#### shounak

Hello All,

I was going through a video on singularity in YouTube when I came across this equation. I cannot quiet recall what is this equation. Can anyone please explain to me?

delta s^2= - (1-rs/r)delta t^2 + 1/(1-rs/r)delta r ^2

where rs (s is the subscript)

It deals with the schwarzschild radius

#### topsquark

Forum Staff
Hello All,

I was going through a video on singularity in YouTube when I came across this equation. I cannot quiet recall what is this equation. Can anyone please explain to me?

delta s^2= - (1-rs/r)delta t^2 + 1/(1-rs/r)delta r ^2

where rs (s is the subscript)

It deals with the schwarzschild radius
(There is some work being done on the site. Neither LaTeX nor uploading an image seems to work right now.)

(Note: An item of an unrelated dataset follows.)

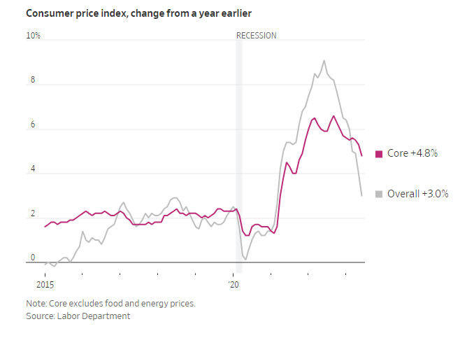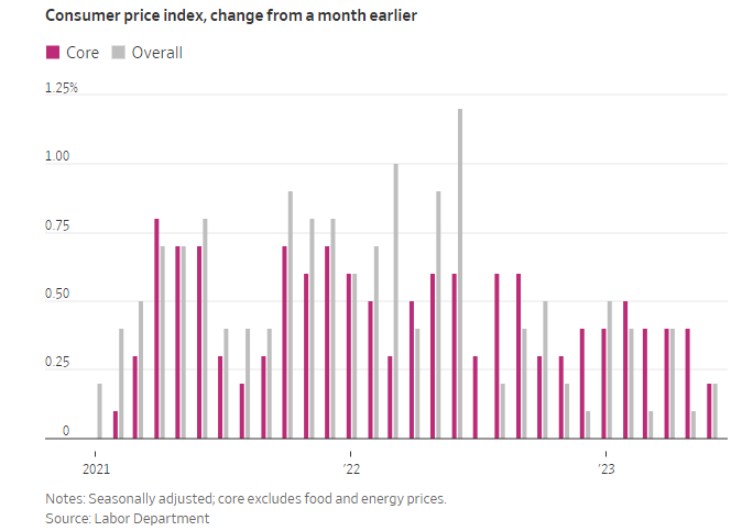 接受《华尔街日报》调查的经济学家预计,7月份CPI环比将上涨0.2%,与6月份持平,表明物价压力保持稳定。据预测,这意味着7月份的通胀年率将攀升至3.3%左右,高于6月份的3%,这是两年多来的最低水平。不过经济学家表示,这一增长可能与2022年6月和7月发生的情况有很大关系,受到基数效应的影响。

This is a shortened form of the Schwarzchild metric where r_s = 2GM is the Schwarzchild radius. (The units here are set to c = 1.) In this case we are restricting motion to moving radially inward or outward. The metric tells you how to define a distance between two points in space-time (technically in relativistic terms it's called the "interval" between two "events" in space-time.) This is a GR version of how t and r will behave to produce such things as time dilation or length contraction and the like.

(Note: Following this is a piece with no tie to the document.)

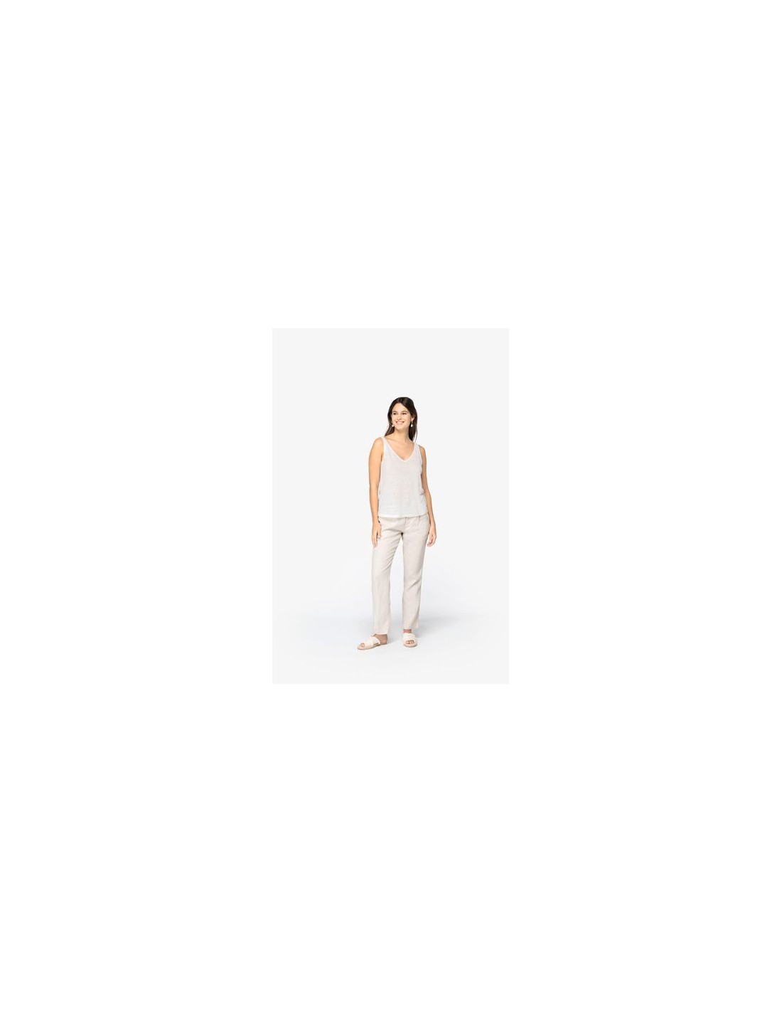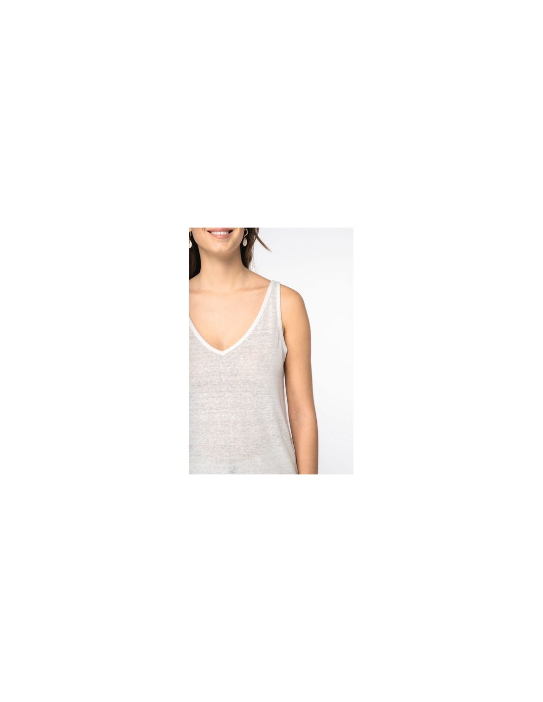 Tejido sostenible, termorregulador y ligero. No label para una personalización sin límites. Moderna y resistente. 100% lino. Tejido de punto. Corte ajustado. Cuello de pico en la parte delantera y trasera. Acabado del cuello y las sisas con ribete al bies en el tejido principal y costuras de refuerzo. Aberturas laterales. Pespunte simple en el bajo de la prenda. Certificaciones : EVE Vegan

The most famous use of this is in terms of black holes. If an object lies entirely inside of its Schwarzchild radius it is a black hole and in this case r_s is the distance from the center of the hole where the escape speed is equal to the speed of light, meaning it cannot escape. But if we have an object that doesn't lie entirely inside its Schwarzchild radius we can still define r_s and work with it. In this case r_s doesn't act like a singularity.